Driving across Iowa again after leaving Minneapolis, I had to train myself not to react to the tumbleweed as it rolled into my path and onto the other side of the road. Big balls of what looked like twine tumbled into the road and beyond, carried by the winds that blow steadily across the plains. The Mississippi River made its appearance again in Illinois. Hard to believe its mighty waters reach from Minnesota to Illinois and all the way to New Orleans.

Steve, a former VISTA who volunteered to put me up for the night in Galena, had been working at the polls all day and had not returned when I arrived. Marlin, a handyman who works with him on his house, greeted me instead. We had an interesting chat about his travels and his work delivering supplies to food pantries in the area. When I told him I was from Maine, he asked (kiddingly) if that was in Canada, since it was “waaaay up there.” (Of course, Illinois is 40 degrees North latitude and the southern part of Maine is only 43.4 degrees North).
When Steve arrived home, he told me about his service in AmeriCorps, the Peace Corps (he served for eight months in Jordan), and his VISTA assignment with the food bank where Marlin works. Instead of taking the stipend as I did, he opted for the educational benefit and studied Spanish in Honduras and Argentina. Now that his VISTA stint has ended, he’s focusing on finishing his house. Located on a country hillside, the house is open concept with a loft, beautiful tiled floors upstairs and down, and huge windows and skylights with views of fields and sky. He said that now that the corn crops have been cut, he often sees deer grazing in the fields. I slept in a downstairs bedroom on a wonderfully comfortable bed.
John would have envied the huge ladder in the entryway, which Steve purchased in order to work on the skylight trim. As big as it was, however, the ladder didn’t quite reach. Steve wasn’t sure what his next step would be. Meanwhile, the ladder rests on the wall below the skylight, the ends covered with a pair of socks to protect the finish.
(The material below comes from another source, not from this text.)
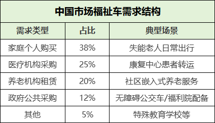雖然普及度低,但實(shí)際上殘疾人和老年人對(duì)福祉車的需求相當(dāng)強(qiáng)烈。目前家庭個(gè)人購買福祉車的需求占比38%,其次是醫(yī)療機(jī)構(gòu)采購、養(yǎng)老機(jī)構(gòu)租賃等。
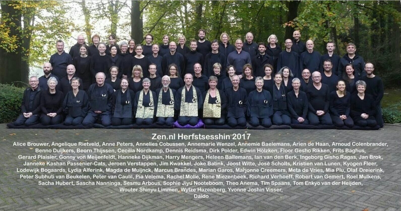 Na deze verhalen hebben we nog drie blokjes gemediteerd. Het eerste van de drie heb ik nog in lotushouding gezeten, maar dat begon op een gegeven moment toch zijn tol te eisen. Zelf bewust de keuze maken om af te zien is goed, maar je moet jezelf ook niet forceren. Tijdens de laatst twee blokjes kwam iedereen aan de beurt voor een persoonlijk onderhoud. De extra beweging kwam mij goed uit, want de slaap begon mij nu ook al parten te spelen. Toen Dymphie terugkwam van dokusan zette ze de A-oefening in en iedereen deed mee. Het voelde als een volwaardige sesshin en ik was blij toen Dymphie de laatste keer de schaal liet galmen. We waren stipt op tijd klaar; nu nog even met zijn allen op de foto. Het wachten was nog even op Etiënne die de leerlingen van de introductiecursus buitenliet. Met de camera op het statief en de zelfontspanner op driemaal hebben we verschillende pogingen gedaan om een perfecte foto te maken, ik ben benieuwd naar het resultaat. Helaas moest ik na afloop snel naar huis. Graag was ik meegegaan naar Coffee & Cream aan de overkant, maar om 13:15 uur kon ik de bezorger van mijn chauffeurspas thuis verwachten en die pas moest ik persoonlijk in ontvangst nemen. Volgende keer beter, het zal vast gezellig geweest zijn. Voor we afscheid namen hebben we eerst de restanten van het ontbijt opgemaakt en kregen we allemaal nog een knuffel en een bloem.

Before I left for Indiana, Steve provided a delicious breakfast of nuts and dried fruit mixed with cereal, orange juice, and strong coffee. He told me about his life and the twists and turns it had taken from graduate school to his work as a driver (including a brief stint as a fork lift operator), various other jobs, and as a security guard at high-end stores over the past decades. A self-described gambler, he has visited casinos throughout the world. He gave me a magnet from a casino in Reno as a keepsake and a book and sent me off with a yogurt drink and a map of Illinois, after outlining an alternate route, which I took, to avoid Chicago traffic.
The traffic into Indiana, however, held me up for at least a half-hour. A huge line of trucks loomed over my little car as we waited for who-knows-what to clear so we could continue on our way.
I finally arrived at Sherilyn and Phil’s in Urbana at around 5 pm after losing an hour when I crossed another time zone somewhere within Indiana. Now I’m on Maine time, so I should be used to it by the time I arrive home. I hadn’t seen Sherilyn since 1978 and yet she looked just as I remembered her. It was so good to see her again! We’ve already begun the recitation of stories our families shared during our long association. Her father and mine were Army buddies, and the two families became close friends. Every two or three years, one family would travel to Indiana or Maine for a visit. There’s a lot of history there.